I do find myself a little different, these days. I don’t know, a new attitude has swept over me about the people in my life, relatives and friends alike. I did start off my autumn season, with breaking unhealthy ties. There are a few who are still around, but in time, I’ll break those as well. Those who are left are just a little more sensitive than the rest and there’s no need for me to become heartless… even though they’re pretty heartless toward me. I’ll put up with it, for a second more, then I will cut the cord. Though, if they were becoming a drain on my family and other friends, I’d have no trouble cutting them loose NOW! I don’t love those, who don’t care a thing about me, more so than I care about the comfort of my loved ones.
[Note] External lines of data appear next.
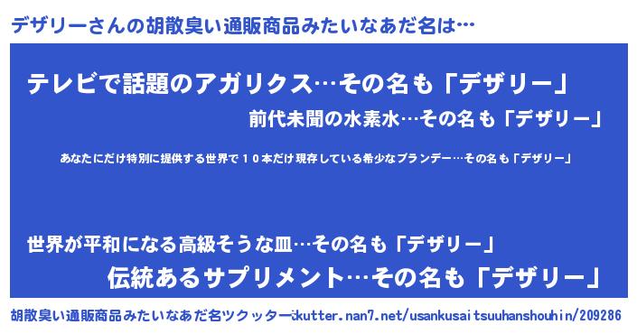 | 男性向けラノベタイトル風あだ名 | 『この素晴らしい世界にデザリーを!』 |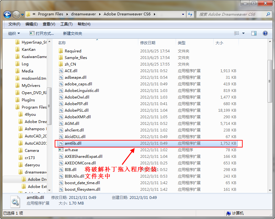 打開Dreamweaver cs6安裝文件夾,將適合自己系統(tǒng)的破解補(bǔ)丁文件夾中的文件拖入程序安裝文件夾中覆蓋同名文件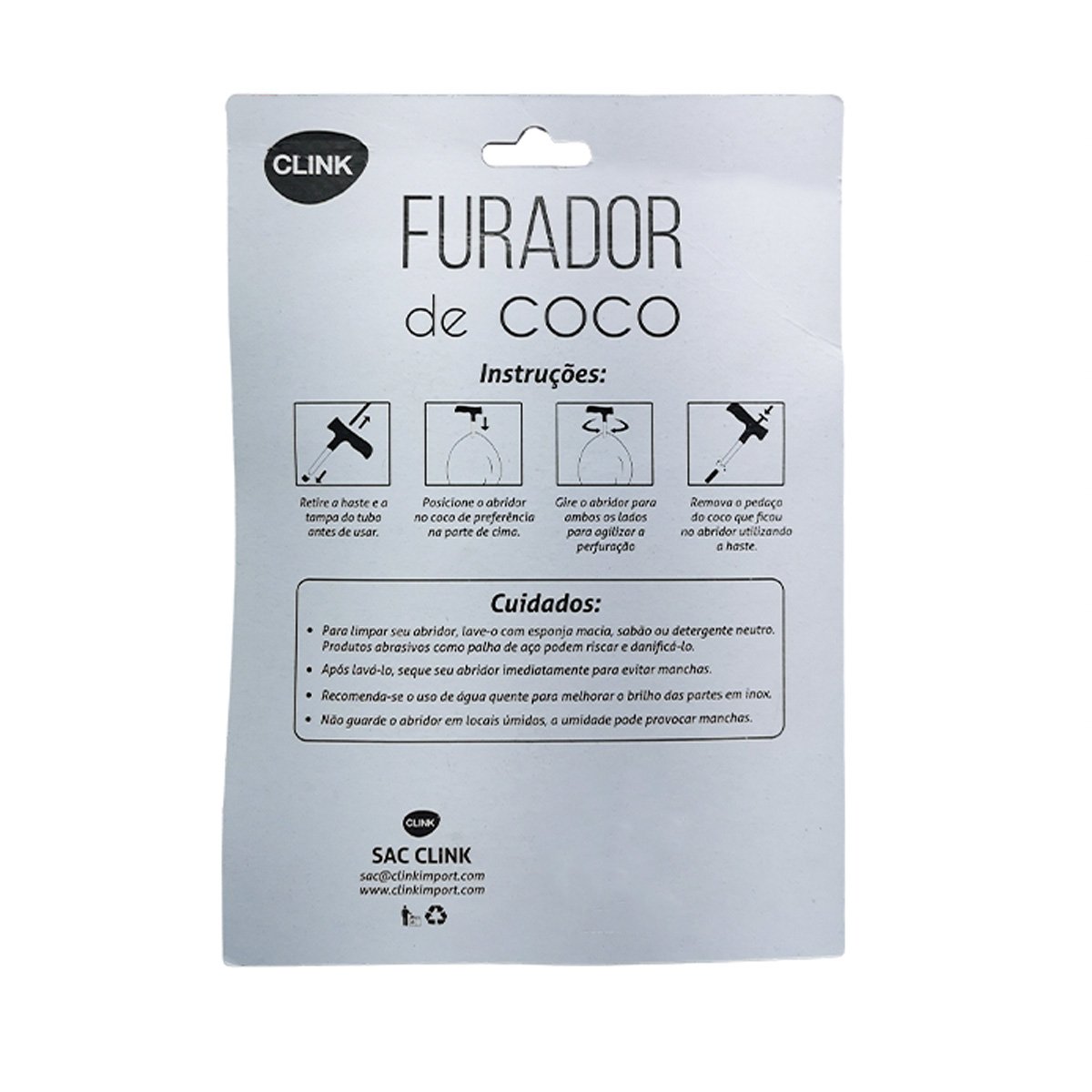 Seu design ergonômico facilita o manuseio e proporciona uma perfuração precisa, sem esforço. O material inoxidável evita ferrugem e torna a limpeza simples, assegurando maior durabilidade ao produto. Compacto e portátil, é o companheiro perfeito para quem adora consumir água de coco fresca e natural.

When it’s just me dealing with bad people, then I can suffer it a bit longer, before I make my final steps. But when it affects my family or friends, then it’s time for that person to go bye-bye  immediately, with no hesitation! :-p

For now, I’m doing well, and I feel more free these days! My FaceBook list has been drastically cut in half and I have less headaches in my mornings. But there is another change happening with me and it kind of caught me off-guard too. But, I’ll have to start from the beginning…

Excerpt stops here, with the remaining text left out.